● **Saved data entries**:

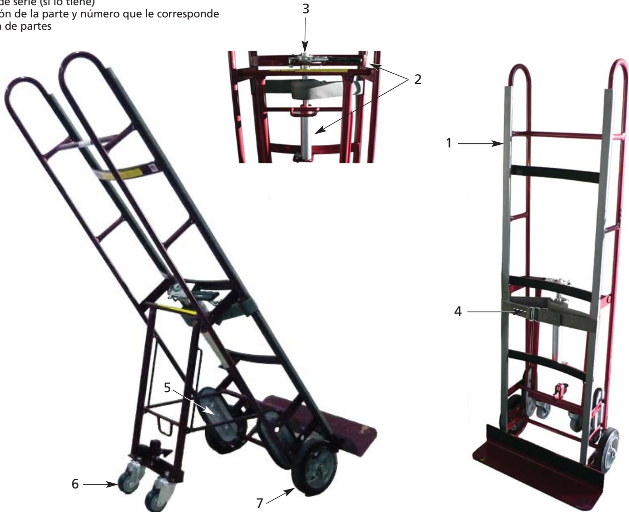
Figura 3 – Ilustración de las Partes de Reparación para las Carretillas Portadoras de Máquinas Expendedoras
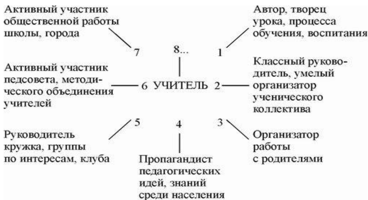
Рис. 2. Характеристика основных черт современного учителя

обучающихся и (или) организации образовательной деятельности» [40]. Выходит, что учитель-это человек, стремящийся к совершенствованию в той предметной области, которой он занимается, а также, владеющий современными технологиями и подходом к обучению. (Схема 2).
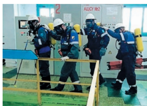
Четверка газоспасателей, надев защитные дыхательные аппараты, отправляется на разведку

Четверка газоспасателей должна провести разведку в задымленном помещении. Главная задача – на месте оценить обстановку, постараться обнаружить и эвакуировать возможных пострадавших. Пятый член звена остается на базе и по рации корректирует действия коллег. Выйдя из помещения, газоспасатели докладывают руководству результаты разведки, после чего в дело вступает ДПК. С помощью двух «рукавов» пожарные начинают охлаждение объектов. Один
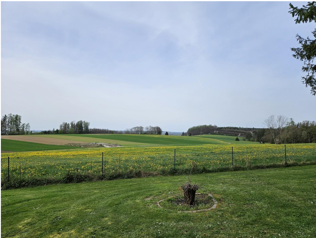
Grillstelle mit mega Weitsicht
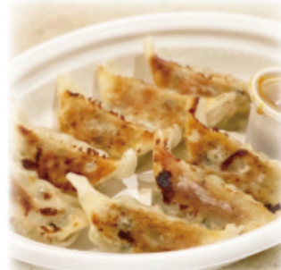
◆ソイミート餃子 Soy Meat Dumplings 8pcs ¥800~
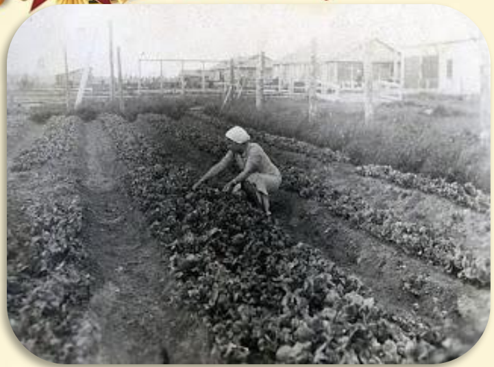
Подсобное хозяйство госпиталя
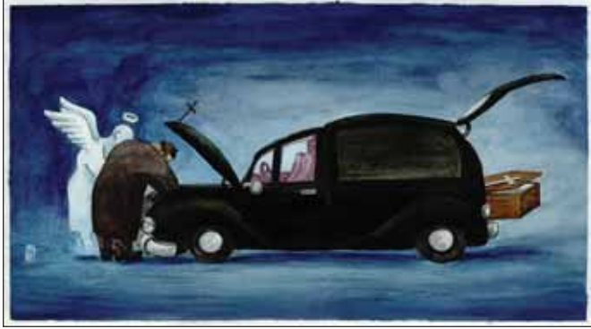
حس نوع دوستی و تعهد
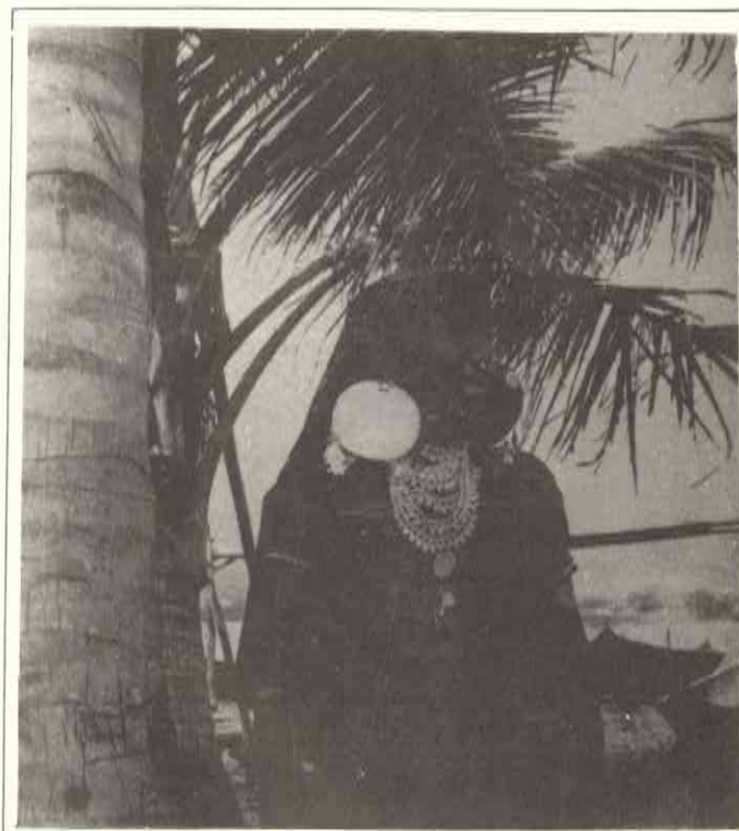
Indígena kuna. San Blas, Panamá.
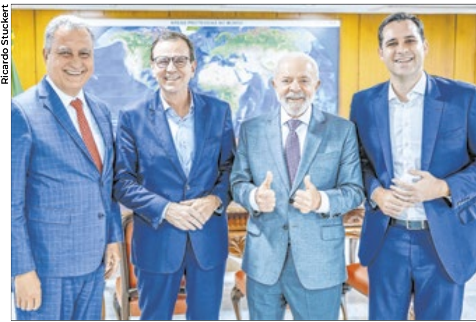
Na sequência: o ministro Rui Costa, Paes, Lula e o vice Eduardo Cavaliere

Reeleito prefeito do Rio de Janeiro, Eduardo Paes tomou um avião e desembarcou na terça (8) em Brasília, para agradecer pessoalmente ao presidente Lula o apoio recebido. Embora Paes nunca tenha sido filiado ao PT, ele e Lula se dão muito bem. "Certamente, você vai continuar sendo o melhor prefeito que o Rio de Janeiro já teve", disse Lula a Paes. O prefeito respondeu: "Vim te agradecer porque o senhor é o presidente da República, o político de dimensão nacional, o único que compreende as coisas do Rio de Janeiro".
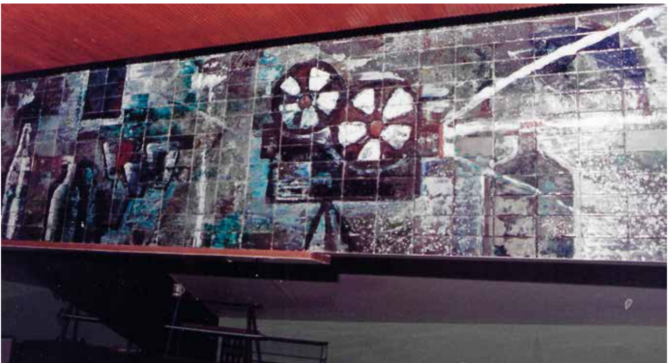
Cine Gaspar.

Cinematrográfiques.- En el "Cine Tossense", se projectaren els dos primers episodis de La muchacha de la emoción y Sangre y Arenas , adaptada de la famosa novel·la d'En Vicente Blasco Ibáñez, del mateix títol, la que agradá moltíssim. Programes com aqueixos s'ha haurien de fer sempre.
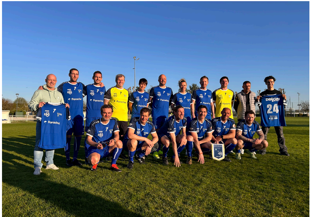
La Team Trouville à l'entraînement.
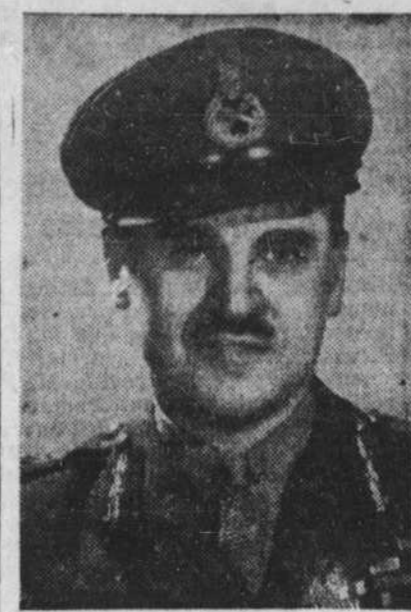
4325-1 Voici une récente photographie du major-général A. E. Walford, C.B.E., M.M., E.D., adjudant général de l'Armée canadienne. 24-12-45

De la lecture pour toute l'année La Ruche littéraire septembre 1944 à juin 1945 inclusivement. Beau volume de 325 pages abondamment illustré, format 6 1/2 x 9 3/4, reliure pleine toile. Au comptoir $1.25, par la poste $1.40. SERVICE DE LIBRAIRIE DU "DEVOIR"
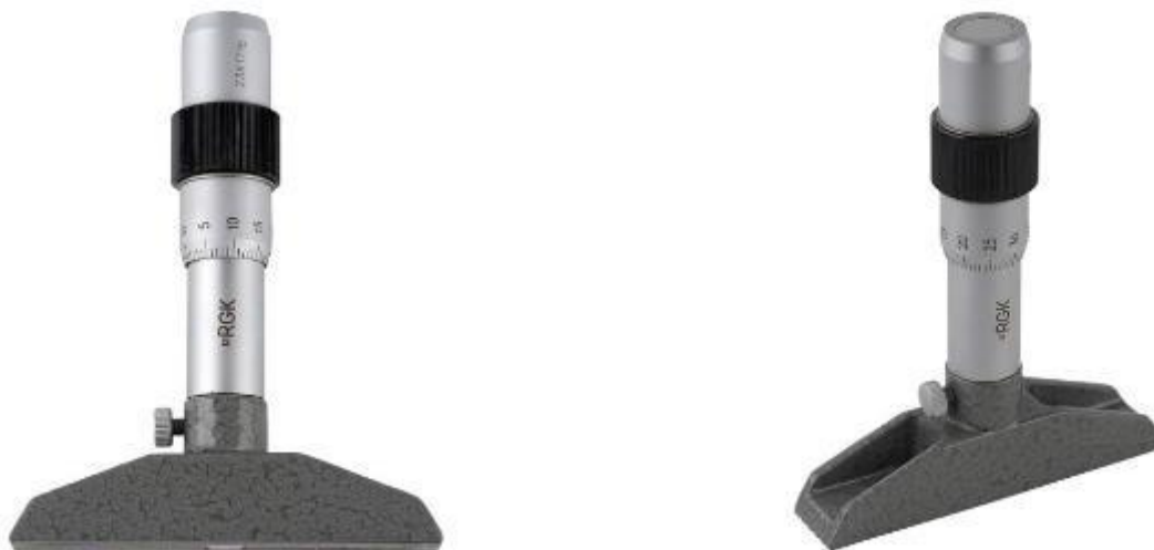
Рисунок 1 – Общий вид глубиномеров
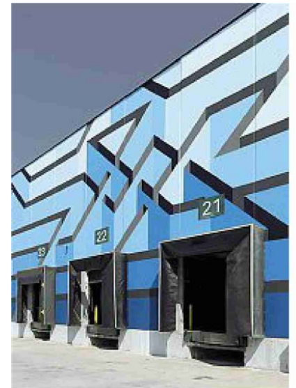
Visioni Dall'alto Moneyless, «Bologna 01»; Etnik, «Carosel»; Joys, «Panorama vibrante»

● **What the exercise asks**:
Please go over the data above and copy each line with "Paes" in it.

● **Solution for this task**:
Na sequência: o ministro Rui Costa, Paes, Lula e o vice Eduardo Cavaliere
Reeleito prefeito do Rio de Janeiro, Eduardo Paes tomou um avião e desembarcou na terça (8) em Brasília, para agradecer pessoalmente ao presidente Lula o apoio recebido. Embora Paes nunca tenha sido filiado ao PT, ele e Lula se dão muito bem. "Certamente, você vai continuar sendo o melhor prefeito que o Rio de Janeiro já teve", disse Lula a Paes. O prefeito respondeu: "Vim te agradecer porque o senhor é o presidente da República, o político de dimensão nacional, o único que compreende as coisas do Rio de Janeiro".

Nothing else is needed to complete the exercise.